Purpose : Eyes can actively and clearly catch each photon event in the changing visual field, which make the brain be on the lighted scene accurately and instantly. This task requires the retina is high organized to pipeline the multiple dimensions (x, y, z, t) overview of events. The mathematics and physics of spacetime events should explain the virtual vision in retinal neural networks.

Methods : The parallel and hierarchical pathways of retina were proved in patch clamp experiments. Spacetime coordinate transformation is used to analyze the histological structures and electrical signals of retinal visual system. The zero-spacetime-interval projection of photons mediates the virtual reality of retinal neural network.

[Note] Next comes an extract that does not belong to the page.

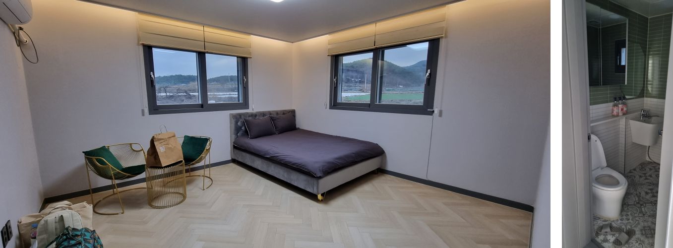 1층에는 2개의 방과 2개의 화장실이 있어요~ 큰방은 2인용 침대가 있는데도 공간이 많이 남아요. 애기 2~3명도 있는 가족이 쓰기에 충분했어요. 그리고 방안에 화장실이 하나 따로 있어서 프라이빗하게 사용할 수 있어요~
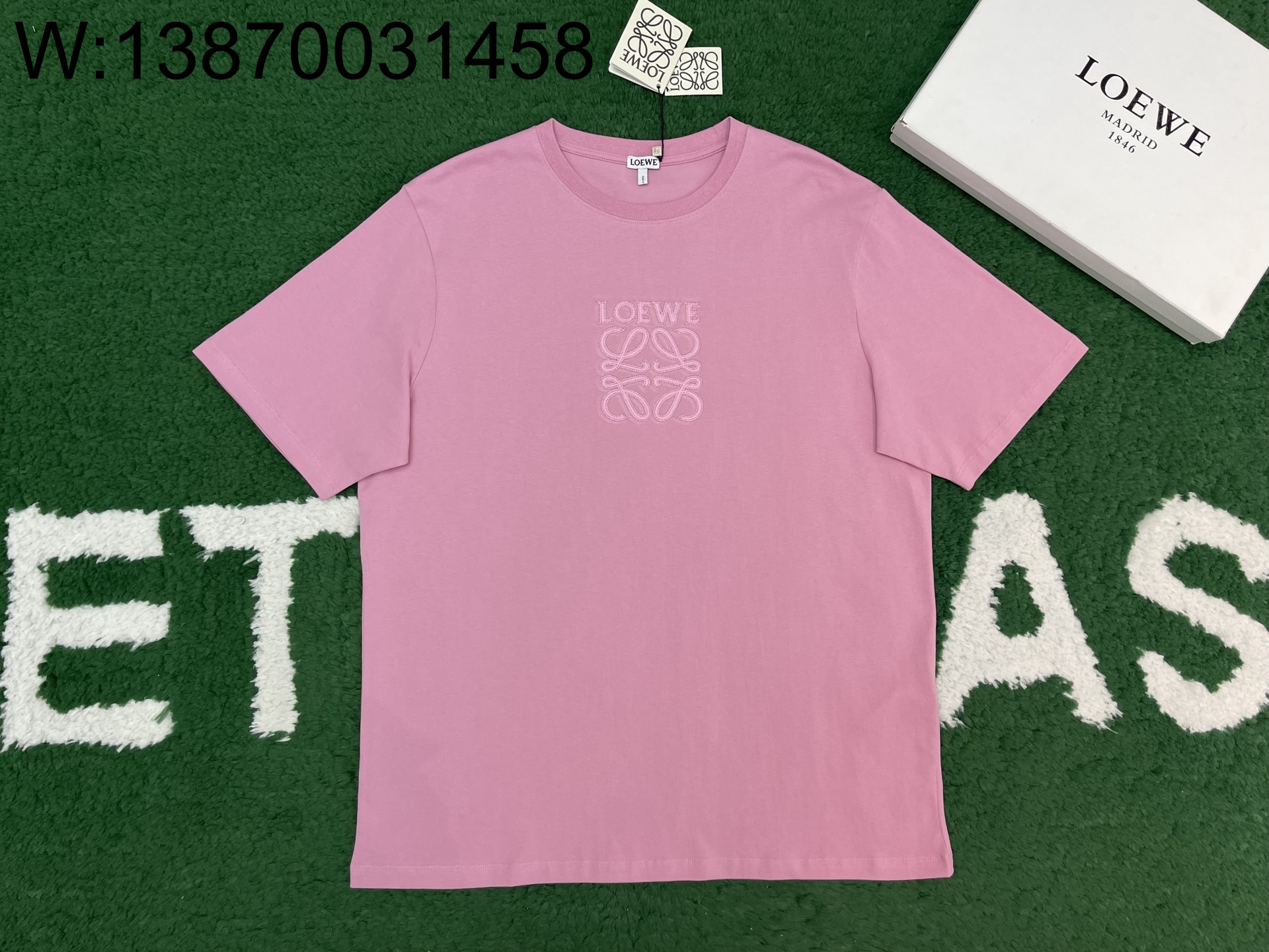 [잔디집1] 로에베 모노그램 로고 자수 순색 반팔티 핑크

Results : Retina locates the events rotating the single eye, two eyes, head and body at the different frequency series. The translation, rotation, composition transforms of spacetime coordinates are involved in the procedure. There are three types of cones (red, green, blue) and three kinds of photoreceptors: cones, rods and ipRGCs to form their parallel and hierarchical networks where they establish the virtual frequency series of the real events in the visual field. The whole-cell patch clamp experiments displayed the retinal structure and computation in the cellular level of retinal neurons, their discrete/integral frequency series cover all the real events. The parallel and hierarchical networks of bipolar and ganglion cells reproduce the virtual reality with event-evoked Ca²⁺/Na⁺ spikes. Retinal neural network is operating with Ca²⁺ spikes in bipolar cells and Ca²⁺/Na⁺ spikes in ganglion cells. The sustained Ca²⁺ currents is the rotation of time dimension such as the rod system. Time dimension decides the transmission of double paths in the spatial pathways, which produces the ON/OFF pathways in the virtual spacetime. The ON/OFF and Ca²⁺/Na⁺ spike signals form the transfer and impulse functions with the event timing. All pathways are superposed to reestablish the multiple-dimension reality, covering the continuous spacetime of visual field.

Conclusions : The superposing parallel pathways of retina build the virtual reality of visual field. The spacetime explanation of retinal neural networks could guide the artificial intelligent (AI) vision in the brain-inspired direction.

This abstract was presented at the 2024 ARVO Annual Meeting, held in Seattle, WA, May 5-9, 2024.